However, just 2 or 3 weeks ago I was given a clean bill of health from my cardiologist. She says I am the picture of health. I find it amazing that I have survived sudden cardiac death x 3, cardiogenic shock, seizure and stroke for the past nine years--all without the benefit of Klonopin. And that she would recommend something so potent to a new patient on a first appointment!! And she's worried about Xanax addiction, but would prescribe Klonopin??? Something doesn't add up here.

There will be no Klonopin for me. (Thank you Vrojlik.)

It won't be the first time I have refused a medication my PCP has prescribed. My former PCP at different times prescribed Neurotin, Prednisone, and Fosomax, all of which I have said, NO WAY. But she, too, had a hang-up about Xanax--cut my prescription in half to .5 1 x daily without ever discussing it with me. What I don't understand is how or why these doctors will prescribe extremely potent (and expensive!) drugs like Neurotin and Klonopin, but they have a hang up about 1 mg. of Xanax? (I hate to be so cynical but could it have something to do with the fact that generic Xanax is so cheap--meaning little $ kickback?)

At the moment, my thoughts and feelings are very mixed. I'm trying to give her the benefit of the doubt. One part of me really liked her. The appointment was moving along well until the Xanax discussion came up. Then things quickly deteriorated--so fast that I didn't realize what was going on. I was very calmly sitting on the table and she was 3 or 4 feet across the room from me discussing meds when she said something about "aggressive Xanax-seeking behavior" and she got up and left the room--never to return. I almost had the feeling she was afraid of me! Aggressive? I was in shock. When she did not return to the room to complete the exam, I thought this must be some kind of a joke. (She did, however, prescribe my 1 mg Xanax a day--for two months.)

One part of me wants to judge her very harshly as I feel she misjudged me--and my EGO has been sorely wounded.

Another part of me understands her stance perfectly. (All except for the Klonopin.) Over my lifetime, I have had three doctors, a former PCP, a neurologist (the most brilliant woman I have ever met), and believe it or not, a psychiatrist! tell me their sagas of how difficult it is being a doctor. (Yes, my doctors have turned to ME for solace and comfort.) The one complaint they all had in common (all women, BTW) is that they are always being WATCHED. It's either the insurance companies, patients, patient's families, patient advocates, other doctors, nurses and technicians.
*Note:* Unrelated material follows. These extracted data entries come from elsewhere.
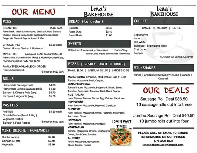 Lena's Bakehouse Menu, Menu for Lena's Bakehouse, Brisbane CBD, Brisbane Urbanspoon/Zomato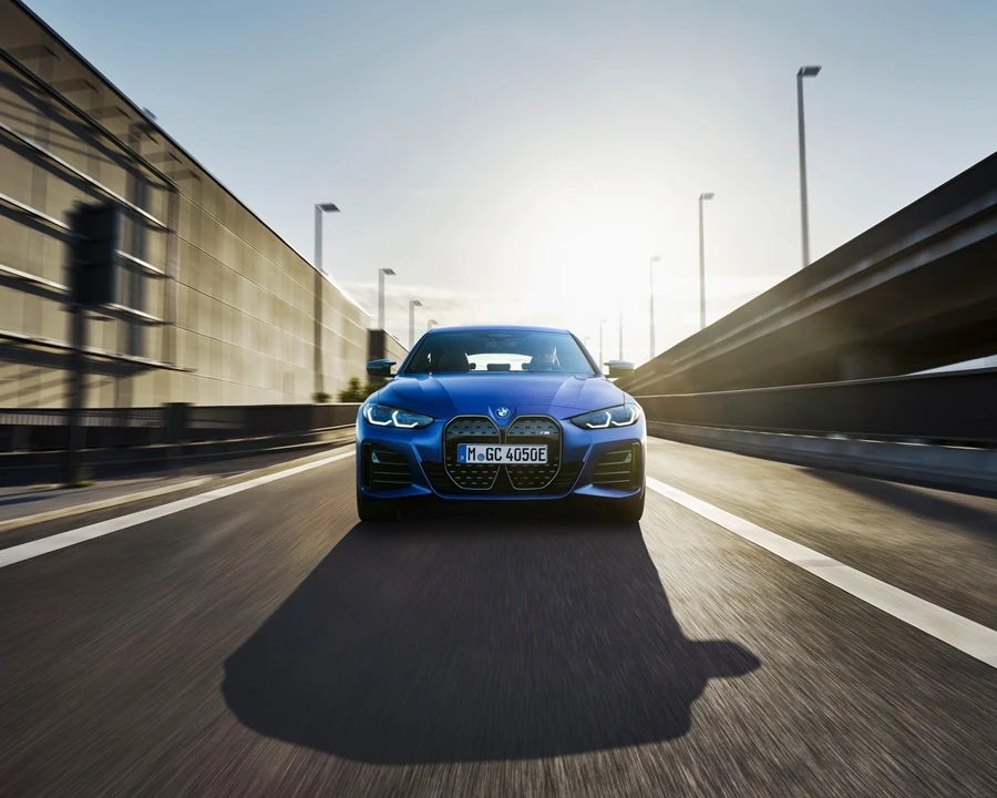 BMW i4 รถสปอร์ตสายพันธุ์ M Performance ที่แอบแตกแถวไปคบกับพลังมอเตอร์ไฟฟ้า 2 ชุดหน้าและหลัง พละกำลังรวม 536 แรงม้า (544 PS) และแรงบิด 586 ปอนด์-ฟุต หรือ 729.43 นิวตันเมตร มีมอเตอร์ไฟฟ้า 2 ตัว มอเตอร์หน้า 255 แรงม้า และมอเตอร์ด้านหลัง 308 แรงม้า พร้อมตัวรถที่ตกแต่งด้วยสีน้ำเงิน Frozen Portimao Blue สลับกับสีดำสนิทและคาร์บอนไฟเบอร์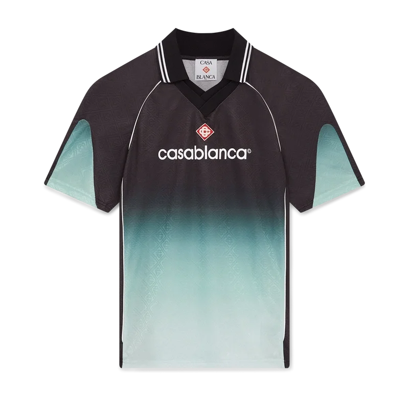 Das Jacquard-Fußballhemd mit Farbverlauf ist ein kurzärmeliges Modell im Farbdesign des Park Hyatt – eines legendären Tokioter Hotels, dessen Inneneinrichtung durch Mint und Schwarz geprägt ist – und besteht aus Jacquard-Monogrammstoff mit Farbverlauf. Abgerundet wird es durch den charakteristischen Diamant-Logo-Aufnäher des Hauses, einen gerippten Kragen und ein Casablanca-Logo auf der Brust.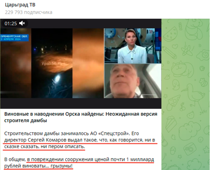 ВЕРСИИ ЭКС-РУКОВОДИТЕЛЯ КОМПАНИИ - ЗАСТРОЙЩИКА ДАМБЫ УДИВИЛИСЬ ДАЖЕ ДАВНО ПРИВЫКШИЕ К САМЫМ РАЗНООБРАЗНЫМ "ЧУДЕСАМ" СВОИХ КОММЕНТАТОРОВ ВЕДУЩИЕ ПЕРВОГО КАНАЛА//СКРИНШОТ ПОСТА В ТГ-КАНАЛЕ "ЦАРЬГРАД ТВ"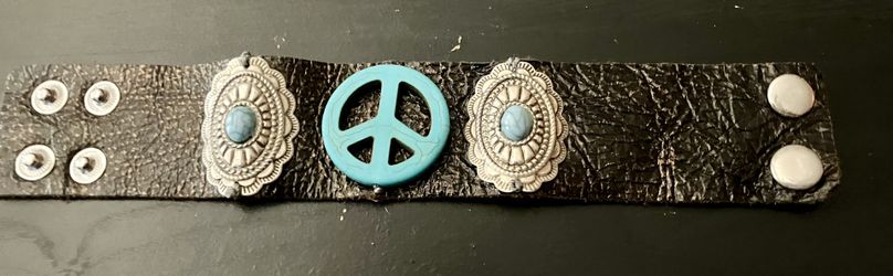 Leather Peace Sign Cuff Bracelet with Turquoise Accents$15Cornelius, NC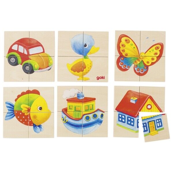GOKI - 56690 - JOUET EN BOIS - KAREMO PUZZLE ET MÉMO, POISSON, CANARD, VOITURE..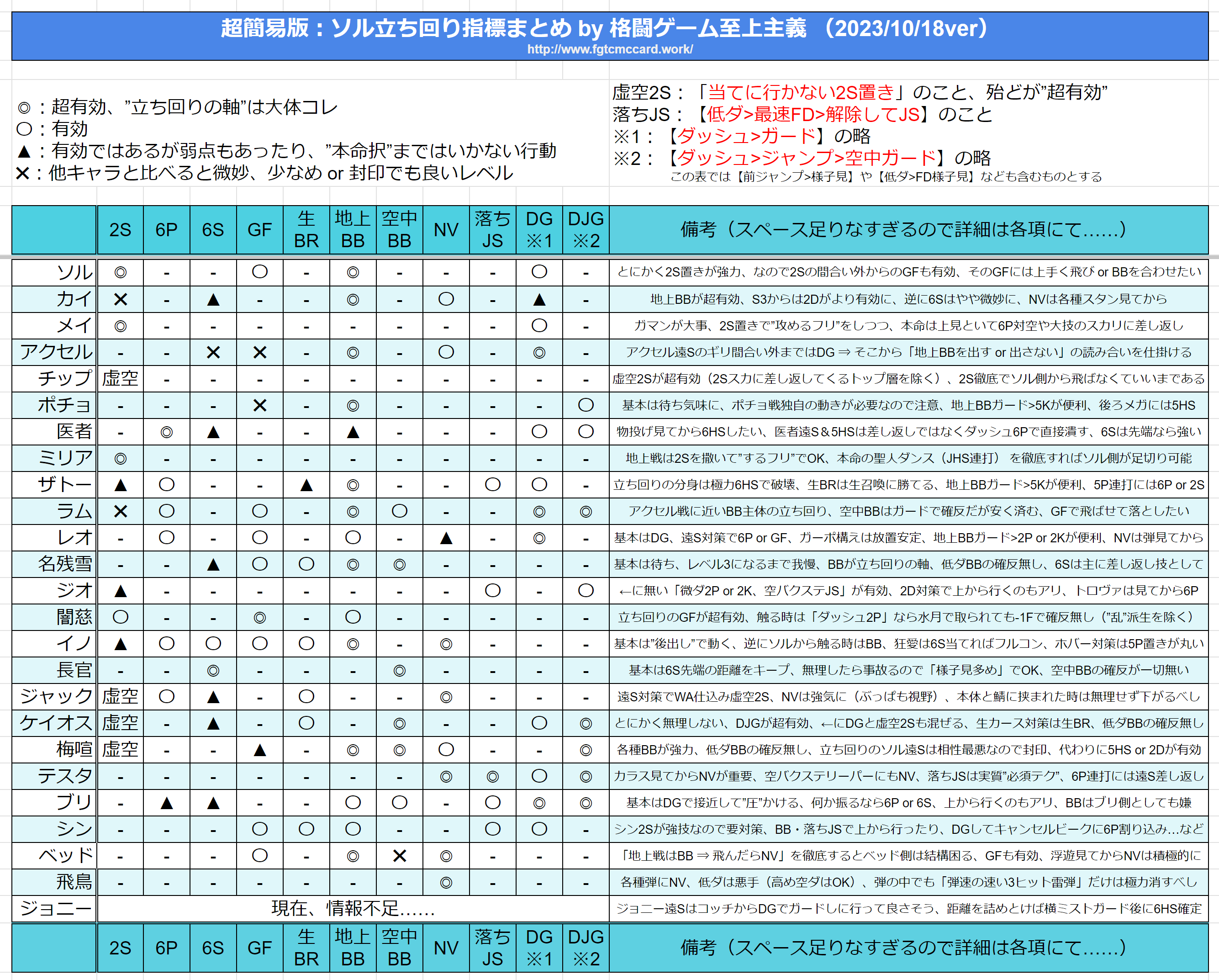 ※2023/09/28:「超簡易版:ソル立ち回り指標まとめ」を追記修正、ポチョ・長官対策を追記修正、飛鳥・ジョニー対策を(簡易版ながら)追加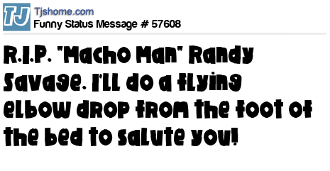 X R.I.P. "Macho Man" Randy Savage. I'll do a flying elbow drop from the foot of the bed to salute you!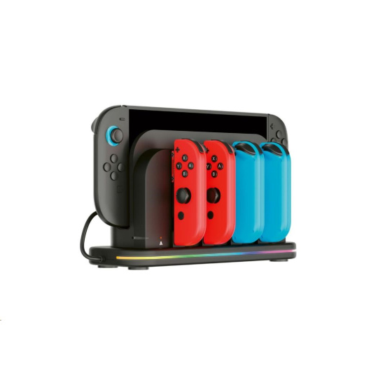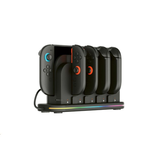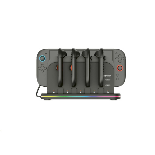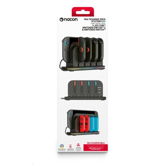 Tato nabíjacía dokovacia stanica od spoločnosti Nacon príde vhod všetkým majiteľom novej hernej konzoly Nintendo Switch 2 aj pôvodnej hernej konzoly Nintendo Switch, ktorí často potrebujú nabíjať väčší počet ovládačov Joy-Con. Stanica umožňuje nabíjať súčasne až štyri ovládače, ako aj samotnú konzolu, jejmuž prehriatiu zabraňuje zabudovaný chladený ventilátor. O stave nabíjania každého z ovládačov informuje príslušný LED ukazovateľ, zatiaľ čo RGB pruh s výberom z deviatich rôznych efektov dodáva stanici štýlový, moderný vzhľad. Pretože napájací USB-C kábel nie je súčasťou balenia, slúži na pripojenie stanice do elektrickej siete originálne napájacie príslušenstvo dodávané s konzolou.

They cannot make a single move without someone somewhere second-guessing their decisions. This is good for the patient--but very stressful for the doctor. I suspect that when it comes to prescribing "controlled substances" this is very much true. And, it was my first appointment--she doesn't know me from Adam.

I have a follow-up appointment in two months (for what, I don't know.) I think I will probably give her a second chance. Give her a chance to thoroughy review my medical records, etc. She will discover no "drug seeking behavior" in my medical records. Depending on her attitude at that appointment, I will make that decision--and perhaps provide her with a print-out of this thread if I decide to move on.

After reseaching Klonopin, however, I can see where it might actually be beneficial for some patients--including heart patients. We have a couple of sisters on this board who suffer from PVCs. Supposedly they are believed to be caused by an underlying anxiety disorder. In addition, in the first few months after a major heart "event" the fear can be paralyzing (Lonewolfe comes to mind) and I wonder if taking Klonopin on a [very] short-term basis might help to get that under control. I just wonder, however, if it could be so calming that it masks authentic heart symptoms that need to be addressed and could pose a danger in that respect.

If there is going to be a problem between me and this new doctor, I suspect it has less to do with "drug-seeking bahavior" than the fact that I am a patient who takes control of her own health. I decide what I will and will not take, and I don't always agree with my doctor's opinions. I take everything they say and recommend into serious consideration, do my own research, and then make my own decisions about which way I will fly. I've had nine years to figure out what works and what does not work for me and it's MY LIFE! (Considering that I still have one--so I'm doing something right.) Some doctors are intimidated by that, and if such is the case, we do, indeed, have a problem.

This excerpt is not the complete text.